— Your goal —
Word for word, write the records out again, but omit each picture.

Items listed in a dataset
[Start of Attachment]

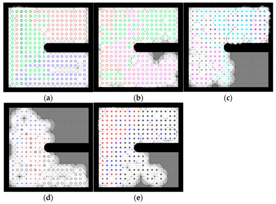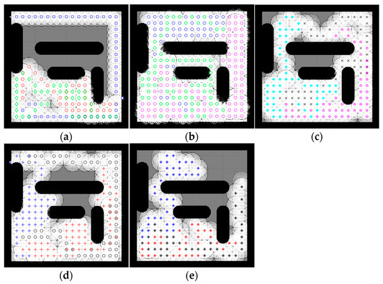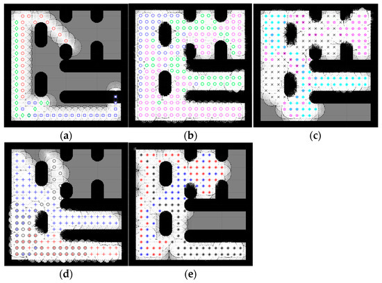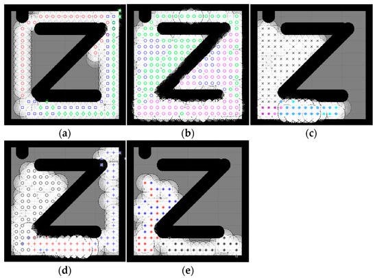 The number of runs for the five complex maps in Figure 7, Figure 8, Figure 9, Figure 10 and Figure 11 is presented in Table 8. A single run that cannot complete 100 iterations successfully due to neighboring cells being occupied by obstacles or another robot is considered a failed simulation.
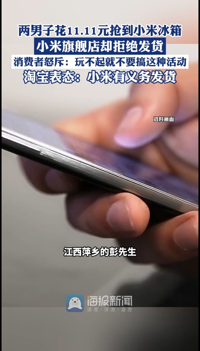 主播说丨两男子花11.11元抢到小米冰箱,小米旗舰店却拒绝发货,淘宝表态:小米有义务发货
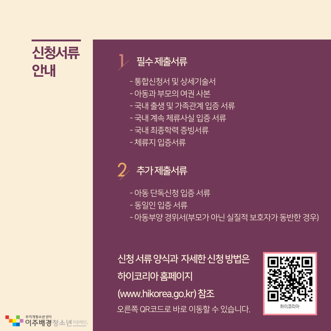 ○ 신청방법: 대상 아동과 부모(보호자)가 함께 관할 출입국 ·외국인청(사무소) 방문하여 신청
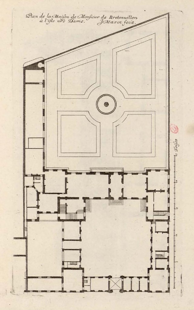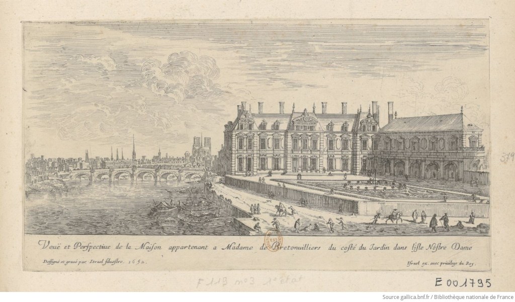 The Hôtel Bretonvilliers was once one of the most magnificent private homes in Paris. The home, a large estate, garden and six adjacent apartment buildings, was created for Claude Le Ragois de Bretonvilliers. The home, whose entrance was originally located at No4 rue Bretonvilliers, occupied the most prestigious lot on the island and encompassed all of the land on the south eastern tip facing directly upstream.
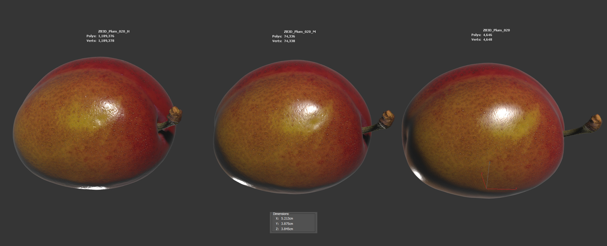 The plum model is presented as a single mesh in 3 subdivision levels: low, mid, and high. Meshes are quad-based. The polycounts are 4K, 74K, and 1189K. The high-detail model is included in .max, .fbx, and .obj formats.
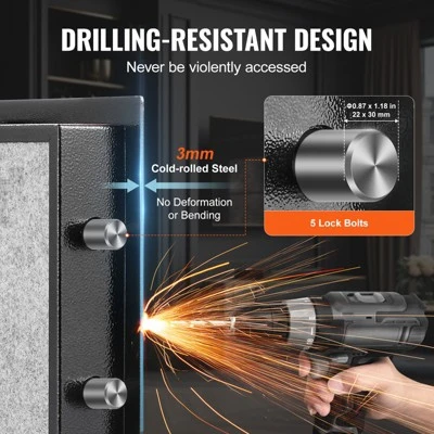 Maximum Protection: The safe box is made from high-quality alloy steel with a 3mm thick door plate to ensure maximum security. Equipped with 5 solid door bolts, it provides superior protection against any attempted break-ins.
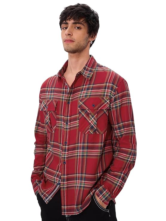 Tartan Men and Boys Long Sleeves Collared Neck Button Front Regular Fit Cotton Shirts
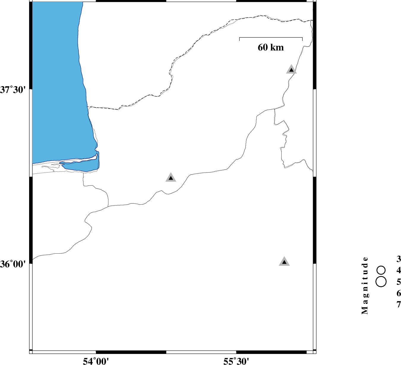 | 2012/08/29 | 23:46:21.5 | 04:16:21.5 | 36.74 | 54.82 | 15 | ML:2.5 | Golestan Province, 18 km South of Ali Abad | ||

[End of Attachment]

— Task solution —
 The number of runs for the five complex maps in Figure 7, Figure 8, Figure 9, Figure 10 and Figure 11 is presented in Table 8. A single run that cannot complete 100 iterations successfully due to neighboring cells being occupied by obstacles or another robot is considered a failed simulation.
 主播说丨两男子花11.11元抢到小米冰箱,小米旗舰店却拒绝发货,淘宝表态:小米有义务发货
 ○ 신청방법: 대상 아동과 부모(보호자)가 함께 관할 출입국 ·외국인청(사무소) 방문하여 신청
 The Hôtel Bretonvilliers was once one of the most magnificent private homes in Paris. The home, a large estate, garden and six adjacent apartment buildings, was created for Claude Le Ragois de Bretonvilliers. The home, whose entrance was originally located at No4 rue Bretonvilliers, occupied the most prestigious lot on the island and encompassed all of the land on the south eastern tip facing directly upstream.
 The plum model is presented as a single mesh in 3 subdivision levels: low, mid, and high. Meshes are quad-based. The polycounts are 4K, 74K, and 1189K. The high-detail model is included in .max, .fbx, and .obj formats.
 Maximum Protection: The safe box is made from high-quality alloy steel with a 3mm thick door plate to ensure maximum security. Equipped with 5 solid door bolts, it provides superior protection against any attempted break-ins.
 Tartan Men and Boys Long Sleeves Collared Neck Button Front Regular Fit Cotton Shirts
 | 2012/08/29 | 23:46:21.5 | 04:16:21.5 | 36.74 | 54.82 | 15 | ML:2.5 | Golestan Province, 18 km South of Ali Abad | ||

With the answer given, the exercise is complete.